Maintenance therapy is the continuous immunosuppression used after a solid organ transplant. The drugs used for routine therapy after solid organ transplantation are combinations of a calcineurin inhibitor, a corticosteroid, and an antiproliferative agent. Which drugs are used depends on the transplant type and other patient-specifics. All oral agents and must be taken for the life of the transplanted organ. All are immunosuppressive to some degree, and the dosage is adjusted to the immune response of each patient. Treatment with these agents increases the risk for bacterial and fungal infections and for cancer development. Rescue therapy is used to treat acute rejection episodes. The drug categories for this purpose are the monoclonal and polyclonal antibodies (see Chart 17-2). The drugs used for maintenance are often also used during rejection episodes at much higher dosages than for maintenance.

Organization of the Immune System

Most immune system cells come from the bone marrow. Some cells mature in the bone marrow; others leave the bone marrow and mature in different body sites. The bone marrow is the source of all blood cells, including most immune system cells. The bone marrow produces immature, undifferentiated cells called stem cells. Stem cells are pluripotent, meaning that each cell has more than one potential. Erythropoietin is a growth factor for red blood cells (erythrocytes [RBCs]). When immature stem cells are exposed to erythropoietin, they commit to the erythrocyte pathway. White blood cells (leukocytes [WBCs]) protect the body from the effects of invasion by organisms.
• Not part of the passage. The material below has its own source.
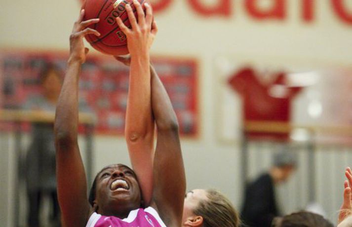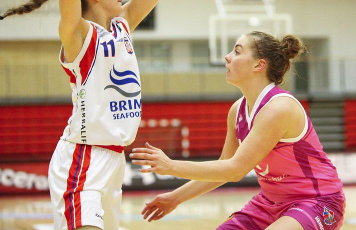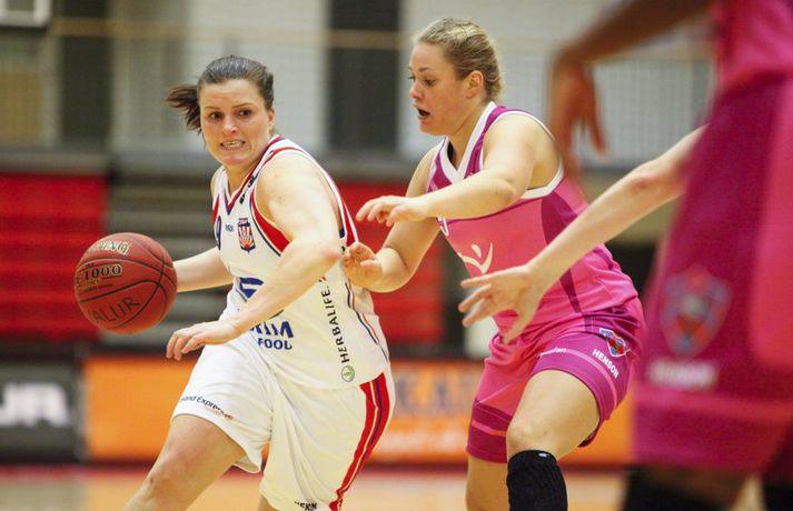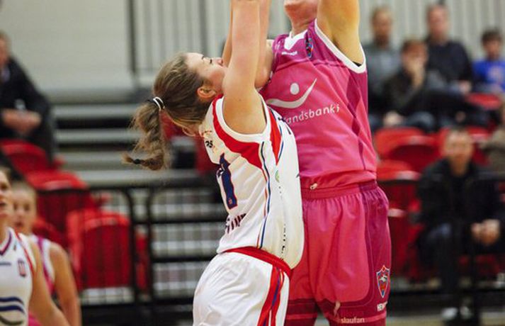 Umfjöllun og viðtöl: Valur - Snæfell 48-64 | Snæfellsvörnin lokaði öllum leiðum Óskar Ófeigur Jónsson skrifar 3. október 2012 22:03 Mynd/Ernir Kvennalið Snæfells er til alls líklegt í Dominosdeild kvenna og sýndi styrk sinn með sextán stiga sigri á bleikum Valskonum, 64-48, í Vodafonehöllinni í kvöld. Snæfell var komið með þrettán stiga forskot eftir átta mínútna leik og var með góð tök á leiknum nær allan tímann. Það var einkum frábær vörn Snæfellsliðsins í seinni hálfleik sem sá til þess að Valsliðið náði aldrei að vinna sig inn í leikinn. Snæfellsliðið var búið að lyfta bikurum eftir tvo síðustu leiki sína og var búið að vinna alla leiki sína í Lengjubikarnum og Meistarakeppninni. Góður leikur liðsins í kvöld sýnir að Hólmararnir eru til alls líklegar í kvennakörfunni í vetur. Kieraah Marlow var öflug í liði Snæfells með 19 stig og 11 fráköst en enginn lék þó betur en Berglind Gunnarsdóttir sem var með 17 stig og 7 fráköst og 4 stolna í kvöld. Unnur Lára Ásgeirsdóttir var best hjá Val með 11 stig og 11 fráköst en liðið nýtti aðeins 29 prósent skota sinna í kvöld og ekkert þriggja stiga skotanna rataði rétta leið. Allar myndatökurnar fyrir leik fóru greinilega ekki alltof vel í Valsliðið því Snæfellsliðið skoraði sjö fyrstu stig leiksins og var komið í 19-6 þegar tæpar tvær mínútur voru eftir af leikhlutanum. Valsliðið skorað hinsvegar síðustu 7 stig leikhlutans og minnkaði muninn í 13-19. Snæfell tók annan góðan sprett í öðrum leikhluta þegar liðið skoraði níu stig í röð og breytti stöðunni úr 22-18 í 31-18. Snæfellskonur voru síðan með sjö stiga forskot þegar gengið var til hálfleiks, 37-30. Kieraah Marlow var komin með 14 stig og 8 fráköst í hálfleik og Berglind Gunnarsdóttir var með 9 stig en Unnur Lára Ásgeirsdóttir kom sterk inn af bekknum hjá Val og skoraði sjö stig í hálfleiknum. Valsliðið koma af krafti inn í seinni hálfleikinn og náði muninum niður í fjögur stig, 42-46, þegar átta mínútur voru eftir af leiknum. Snæfellskonur áttu hinsvegar svör og þau voru flest varnarmeginn. Valsliðið skoraði ekki í tæpar sex mínútur og meðan náði Snæfellskonur upp tuttugu stiga forskoti, 64-44 og gerðu endanlega út um leikinn. Valsliðið náði aðeins að laga stöðuna í lokin en munurinn endaði engu að síður í sextán stigum. Berglind: Það skiptir engu máli hvort þær séu í bleikum, bláum eða hvítum búningum"Þetta er framtak hjá þeim en bleiku búningarnir trufluðu okkur ekki neitt. Það skiptir engu máli hvort þær séu í bleikum búningum, bláum eða hvítum," sagði Berglind Gunnarsdóttir sem átti flottan leik með Snæfelli í kvöld. "Við vorum að spila mjög góða maður á mann vörn og náðum að loka vel á þær. Það gekk svona ljómandi vel hjá okkur í vörninni," sagði Berglind. "Þetta er flott en segir samt ekki neitt því mótið er bara rétt að byrja. Okkur gekk vel á undirbúningstímabilinu og ætlum bara að halda þeirri velgengni áfram," sagði Berglind sem er sjálf að koma sterk til baka eftir langvinn og erfið meiðsli. "Ég fer að nálgast mitt gamla form en það kemur bara. Það þýðir ekkert annað en að láta vaða," sagði Berglind sem lék mjög vel í kvöld. Ágúst: Þær hafa forskot á önnur lið"Við vorum svolítið hrædd um þetta. Þetta var fyrsti leikur og það var mikil spenna fyrir því. Liðið var búið að vera rosalega duglegt að æfa á undirbúningstímabilinu og stemmningin í liðinu er frábær. Fyrir mánuði síðan var ákveðið að vera í bleikum búningum og það er búið að vera mikið umstang í kringum það í dag, blaðamannafundir, viðtöl og myndatökur og hitt og þetta. Það var búist við því að spennustigið yrði mjög hátt og það sást alveg í byrjun leiks. Við náðum ekki að hrista þetta almennilega af okkur og náðum aldrei takti í leikinn okkar," sagði Ágúst Björgvinsson, þjálfari Vals. "Auðvitað er það agalegt að skora bara 48 stig á heimavelli en við vorum oft að koma okkur í mjög góð færi og þá sérstaklega í fyrri hálfleik. Við erum að spila ágætlega sóknarlega en klárum ekki færin. Í seinni hálfleik var sjálfstraustið orðið lítið og stelpurnar voru farnar að tapa boltanum mjög klaufalega. Það kláraði leikinn," sagði Ágúst en Valsliðið var búið að minnka muninn í fjögur stig þegar Snæfell lokaði öllum leiðum. "Við erum ekkert að örvænta við þetta því við erum að tapa á móti mjög sterku liði og liði sem er ósigrað á undirbúningstímbilinu. Þær hafa forskot á önnur lið því þetta er óbreytt lið frá því i fyrra. Þær eru ekkert að pússa neina nýja leikmenn inn í þetta hjá sér. Við sjáum að tveir mikilvægir leikmenn hjá okkur, kaninn og Ragna Margrét voru mjög langt fá sínu besta í dag og ég vil skrifa það algjörlega á það að þær vantar leikreynslu með liðinu og að þær eiga eftir að finna sig með liðinu," sagði Ágúst. "Það er mjög mikið sem við þurfum að laga en við þurfum bara að vinna í einu í einu og vinna í hlutum sem við höfum stjórn á," sagði Ágúst og liðið mun mæta áfram í bleiku. "Við erum með enga hjátrú í því og mætum bara galvösk í næsta leik sem er á móti KR á sunnudaginn. Við getum ekkert annað en spilað betur þá," sagði Ágúst. Hildur: Við erum að sýna það núna að við erum með hörkulið"Ætli þeir hafa ekki bara truflað þær en við létum þá ekkert trufla okkur," sagði Hildur Sigurðardóttir, fyrirliði Snæfells um bleiku búninga Valsliðsins. "Mér fannst vera meiri í barátta hjá okkur í þessum leik en í undanförnum leikjum. Ég hef ekki verið nógu ánægð með það að við höfum ekki verið með mikil læti

The leukocytes provide protection through these defensive actions: • Recognition of self versus non-self • Destruction of foreign invaders, cellular debris, and unhealthy or abnormal self cells • Production of antibodies directed against invaders • Complement activation • Production of cytokines that stimulate increased formation of leukocytes in bone marrow and increase specific leukocyte activity The three processes needed for human protection through IMMUNITY are (1) INFLAMMATION, (2) antibody-mediated immunity (AMI), and (3) cell-mediated immunity (CMI). Full immunity (immunocompetence) requires the function and interaction of all three processes.

Transplant Rejection

Natural killer (NK) cells and cytotoxic/cytolytic T-cells also destroy cells from other people or animals; it is also responsible for rejection of tissue grafts and transplanted organs (also termed grafts). Without intervention, the recipient's immune system starts inflammatory and immunologic actions to destroy or eliminate these non-self cells. This activity causes rejection of the transplanted organ. Rejection can be hyperacute, acute, or chronic.

Neutrophils

Neutrophils come from the stem cells and complete the maturation process in the bone marrow (Fig. 17-5). They are also called granulocytes because of the large number of granules. Mature neutrophils are also called segmented neutrophils ("segs") or polymorphonuclear cells ("polys," PMNs) because of their segmented nucleus. Less mature neutrophils are called band neutrophils ("bands" or "stabs") because of their nuclear shape. Growth of a stem cell into a mature neutrophil requires 12 to 14 days. This time is shortened by the presence of specific growth factors (cytokines), such as granulocyte-macrophage colony-stimulating factor (GM-CSF) and granulocyte colony-stimulating factor (G-CSF). The life span of each neutrophil is short—about 12 to 18 hours. Neutrophil function provides protection after invaders, especially bacteria, enter the body. This powerful army of small cells destroys invaders by phagocytosis and enzymatic digestion. Mature neutrophils are the only stage of this cell capable of phagocytosis. This cell type is responsible for continuous, instant, nonspecific protection against organisms, the percentage and actual number of mature circulating neutrophils are used to measure a patient's risk for infection: the higher the numbers, the greater the resistance to infection. This measurement is the absolute neutrophil count (ANC), also called the absolute granulocyte count or total granulocyte count. Problems, such as sepsis, cause the neutrophils in the blood to change from being mostly segmented neutrophils to being less mature forms. This situation is termed a left shift or bandemia because the segmented neutrophil are the new minority. Instead, more of the circulating cells are bands—the less mature cell type found farther left on the neutrophil pathway. A left shift indicates that the patient's bone marrow cannot produce enough mature neutrophils to keep pace with the continuing infection and is releasing immature neutrophils into the blood. These immature cells are of no benefit because they are not capable of phagocytosis.

Self Versus Non-Self

Non-self proteins and cells include infected body cells, cancer cells, cells from other people, and invading organisms. Recognizing self versus non-self, which is necessary to prevent healthy body cells from being destroyed along with the invaders, is called self-tolerance. Unique proteins, known as human leukocyte antigens (HLAs), are found on the surface of all body cells of that person and serve as a "universal product code" for that person. Because the cell-surface proteins are non-self to another person's immune system, they are antigens, which are proteins capable of stimulating an immune response. They are a normal part of the person and determine the tissue type of a person. Other names for these HLAs are human histocompatibility antigens and class I antigens. There are many different human major HLAs that are determined by a set of genes called the major histocompatibility complex (MHC). However, each human expresses only six of the major HLAs.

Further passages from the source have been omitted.